Essentially, every new rollout strengthens the system as a whole rather than resetting it, ensuring that linguistic diversity becomes an asset in scaling rather than a burden on infrastructure.
TechGraph: Accuracy can be engineered, but cultural trust is harder to buy. How much of your spend and strategy is shaped by the need to sound native and reassuring in a caller’s own language, not just correct in syntax?
Sarvagya Mishra: A significant part of Superbot’s strategy and investment is dedicated to ensuring that conversations feel genuinely native, emotionally reassuring, and culturally aligned with the caller. While accuracy can be engineered, trust comes from sounding human, local, and contextually aware.
To achieve this, we rely on a strong people-first design approach. Our team of conversation designers, linguists, and regional language experts crafts scripts, conversational flows, tonality, and persona in a manner that reflects real speech patterns rather than basic translations.
In the current Gen AI environment, where LLM-driven systems naturally generate flexible and dynamic responses, we also add a structured engineering layer. Our prompt engineers, along with an in-house pre-processing data layer, shape the grammar, syntax, and structure of the responses so the bot consistently speaks in a clear, natural, and culturally aligned conversational style.
Human-in-the-loop validation and real-world feedback loops further fine-tune these interactions to make them sound natural and reassuring, especially in sensitive sectors such as healthcare, BFSI, and education.
Our DIY platform allows clients to adjust tone and phrasing for their specific audiences, giving them control over the cultural resonance of every interaction. This focus on authenticity drives engagement, increases response rates, and strengthens brand trust, proving that investing in native sounding and empathetic communication delivers significantly higher return on investment than accuracy alone.
TechGraph: Expanding across India means navigating a patchwork of state-level compliance and data regulations.

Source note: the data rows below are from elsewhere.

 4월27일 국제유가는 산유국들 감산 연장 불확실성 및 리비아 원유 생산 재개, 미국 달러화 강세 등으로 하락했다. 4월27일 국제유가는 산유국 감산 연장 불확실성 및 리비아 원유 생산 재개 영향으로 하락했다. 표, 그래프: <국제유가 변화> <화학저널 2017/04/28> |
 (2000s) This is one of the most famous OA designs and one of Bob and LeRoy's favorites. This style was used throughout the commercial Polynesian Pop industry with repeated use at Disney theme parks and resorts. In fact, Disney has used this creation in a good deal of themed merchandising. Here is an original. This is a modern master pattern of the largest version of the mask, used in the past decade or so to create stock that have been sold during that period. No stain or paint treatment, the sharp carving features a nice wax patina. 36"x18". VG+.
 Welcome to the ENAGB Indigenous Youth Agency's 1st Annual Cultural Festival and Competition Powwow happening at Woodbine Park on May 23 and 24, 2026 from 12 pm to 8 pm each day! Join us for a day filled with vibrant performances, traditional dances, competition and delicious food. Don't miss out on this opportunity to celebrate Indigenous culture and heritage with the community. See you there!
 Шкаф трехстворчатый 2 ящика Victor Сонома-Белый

How have these regulatory frictions shaped Superbot’s product roadmap and investment choices for regional language AI?
Sarvagya Mishra: We built Superbot to handle privacy and compliance from day one, making sure data is secure, and all standards like ISO 27001 are met. The system is designed to adapt easily to different state rules and industry requirements without slowing things down, which keeps managing local data and consent simple.

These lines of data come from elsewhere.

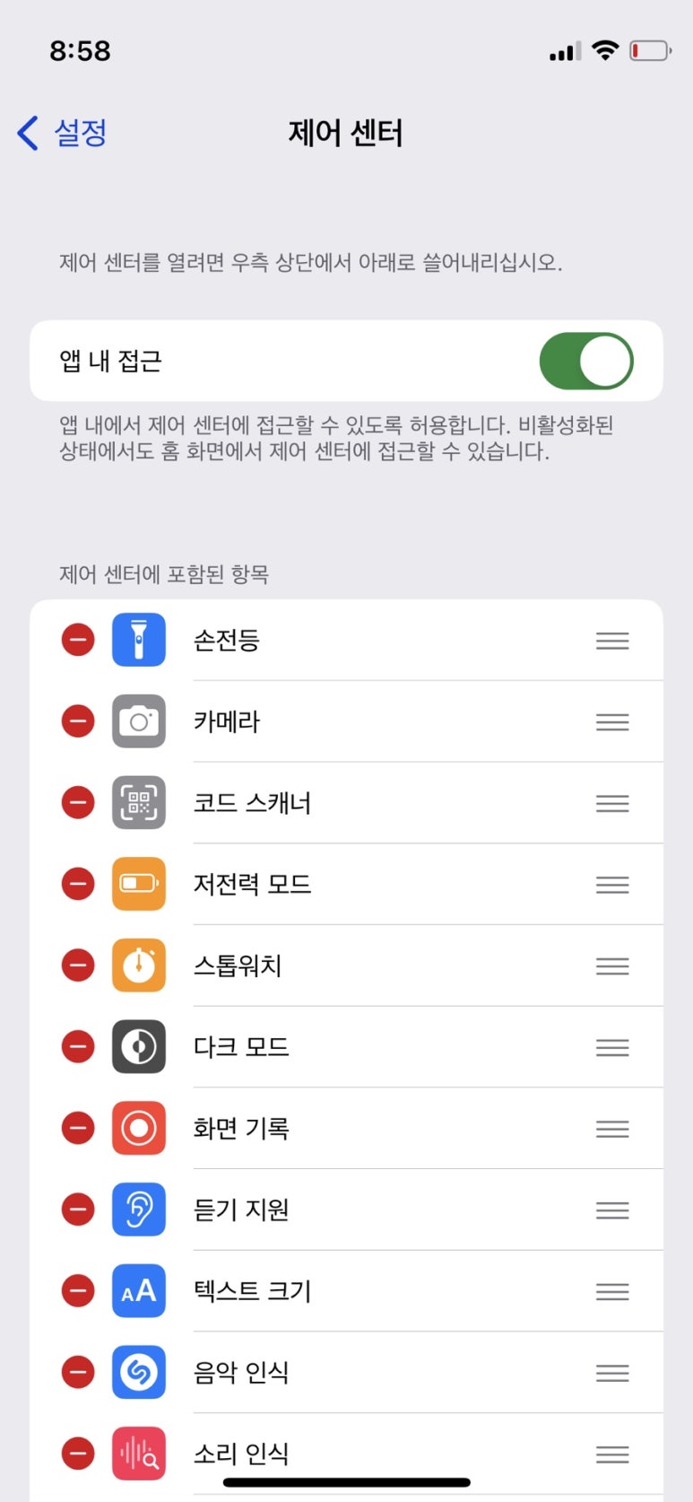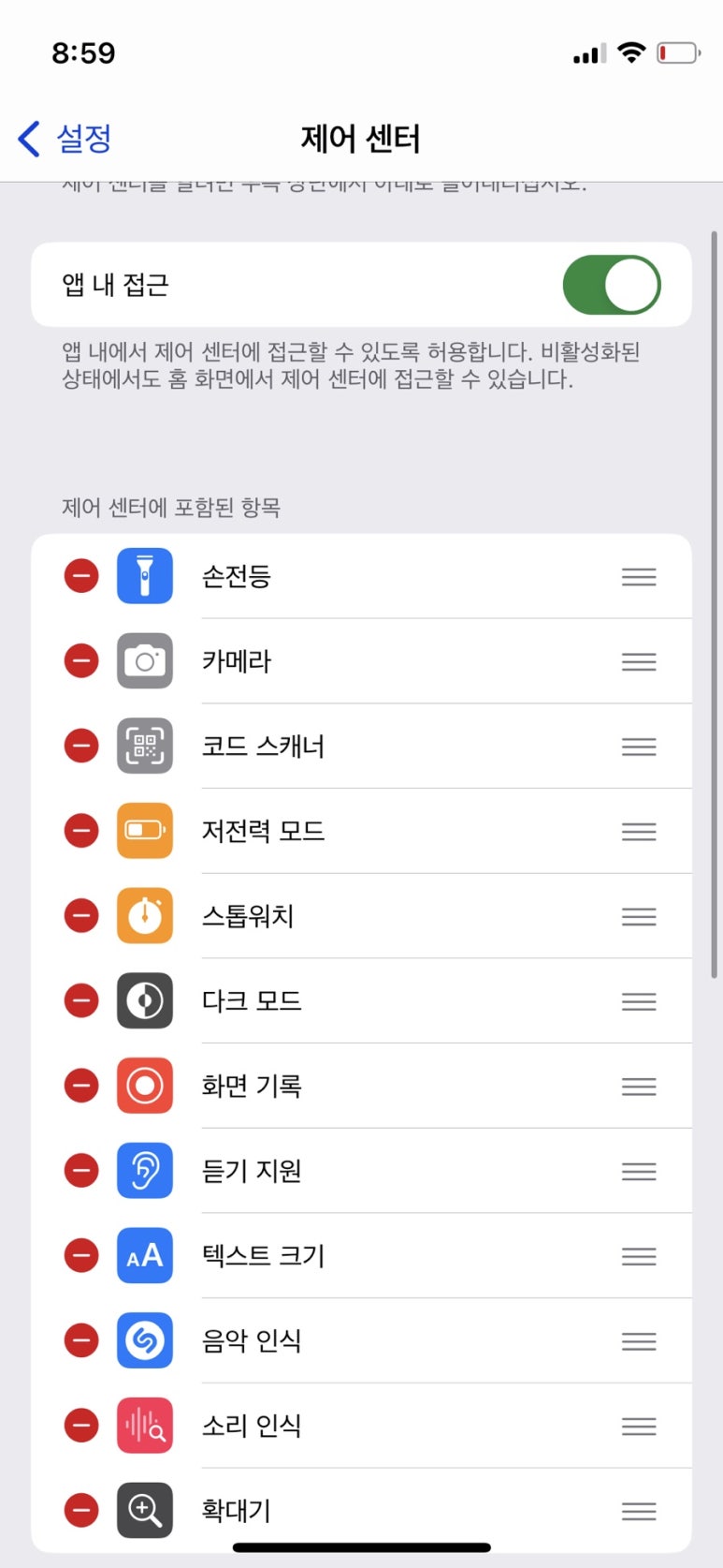 그러면 여기서 제어센터에서 어떤기능을 사용할지 설정할 수 있습니다.
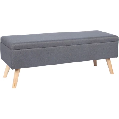 General description This stylish upholstered storage bench with a soft linen cover is a true highlight for your home. Whether used as a hallway bench, a sofa bench in the living room, or a bed bench in the bedroom, it enhances any space. The padded, foldable seat ensures comfort while concealing generous storage for laundry, blankets, or toys. Supported by four sturdy eucalyptus wood legs, this trunk bench combines stylish aesthetics with functional benefits. Technical specifications Overall dimensions (H x W x D): 40 x 110 x 40 cm Internal dimensions (H x W x D): 15 x 105 x 36 cm Ground clearance: 19 cm Max. load capacity: 120 kg Weight: 14.3 kg Material: MDF, eucalyptus wood, polyester Other information Various colours available Felt glides to protect the floor Delivery includes: 1x bench in parts, assembly instructions, and materials (decorative items not included)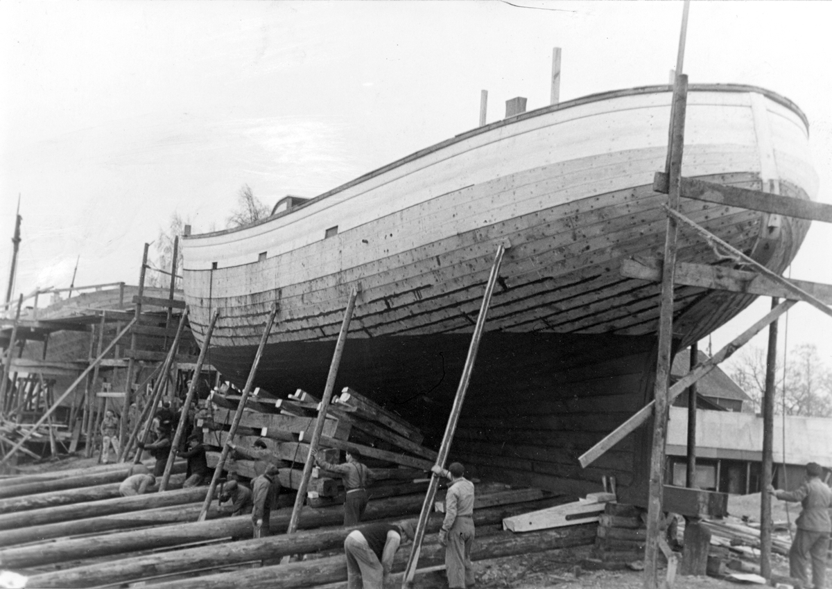 Fiskebåt för Ryssland under byggnad 1950. Bordläggningen klar. Babords sida och akterskeppet

Expanding into new languages and regions flows naturally while staying compliant. Keeping client and user information safe builds trust and lets businesses run voice interactions confidently at any time.

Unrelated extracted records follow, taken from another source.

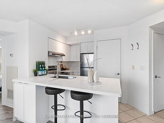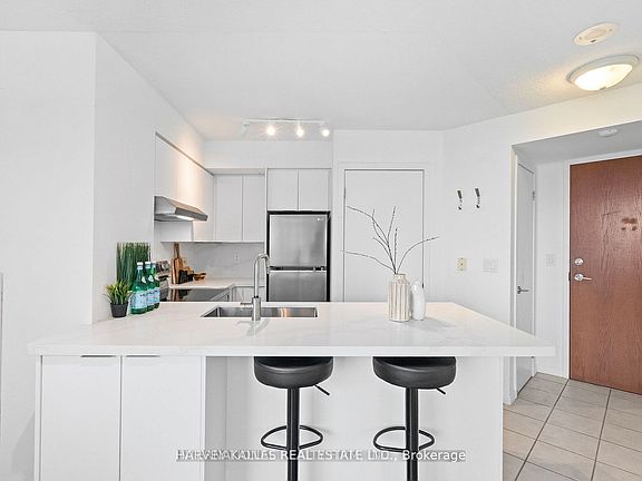 Discover outstanding value in this 2-bedroom/l-Bathroom corner suite at Waterpark City. Located in the heart of Fort York, this well-laid-out unit offers a functional split-bedroom floor plan, a spacious open-concept living area, and floor-to-ceiling windows that bring in natural, light throughout the day. The kitchen features full-size appliances and ample storage, while the primary bedroom includes double closets and unobstructed city views. Enjoy a private balcony perfect for coffee or evening downtime. One parking spot and one locker are included for added convenience. This unit has been recently renovated (2025: new kitchen cabinets, countertop, sink, faucets, and curtains; appliances purchased in 2023).Residents enjoy a full selection of amenities including a fitness centre, indoor pool, concierge, rooftop terrace, party room, and visitor parking. steps to the waterfront, Coronation Park, Loblaws, TTC, Billy Bishop Airport, King West, and easy access to the Gardiner. A solid option for first-time buyers, investors, or anyone seeking a move-in-ready downtown home in a well-managed building.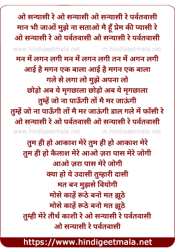 Lyrics of O Sanyasi Re Parvatwasi Maan Bhi Jaao Mujhe No Sataao - ओ सन्यासी रे पर्वतवासी मान भी जाओं मुझे ना सताओ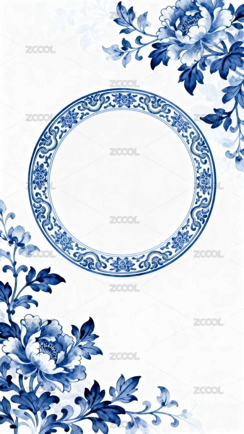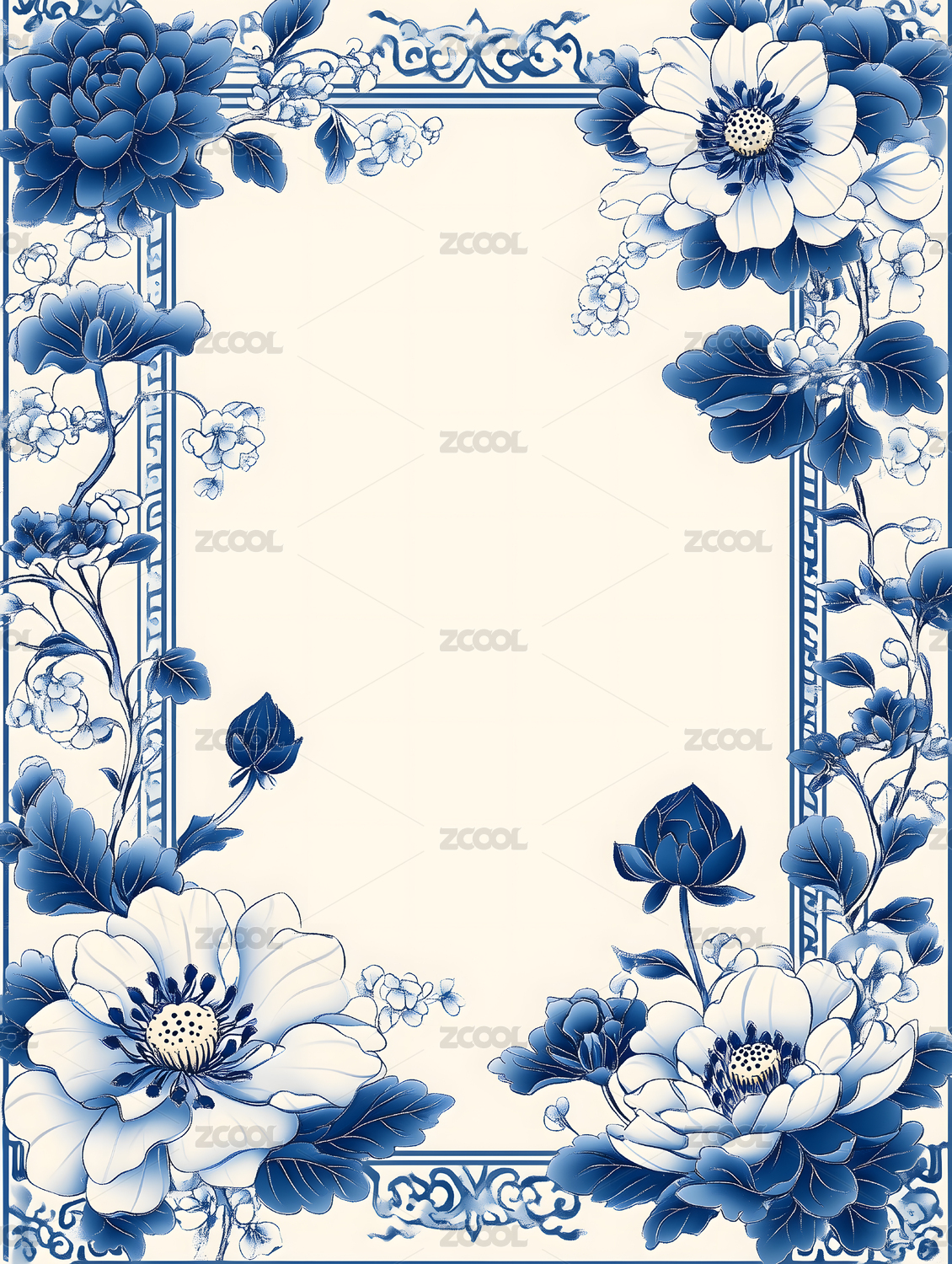 数码复古水彩青花瓷花卉装饰抽象海报背景

For us, regulations aren’t just boxes to tick; they guide our growth and ensure Superbot scales across regions and languages practically and reliably.
TechGraph: Finally, as the sector matures, what in your view will separate platforms that truly achieve regional scale from those that stop at token pilots in a handful of languages? Is it capital, technology depth, or something more fundamental about customer adoption?
Sarvagya Mishra: What really separates platforms that achieve true regional scale from those that remain limited is how deeply they understand and serve the end user. Technology and capital matter, but they only get you so far.
The real differentiator is the ability to deliver conversations that feel native, empathetic, and contextually relevant across diverse dialects and cultural nuances. Platforms that stop at token pilots often struggle to make interactions genuinely engaging or consistent in smaller languages, which limits adoption.
Superbot invests in proprietary ASR and NLP models, human-in-the-loop learning, and real-world feedback loops to ensure accuracy, trust, and responsiveness.
Sustained adoption comes when users feel heard and understood, and businesses see measurable outcomes like higher engagement, conversions, and retention. Platforms that combine technological depth with an unwavering focus on customer experience are the ones that truly scale across India’s linguistic diversity.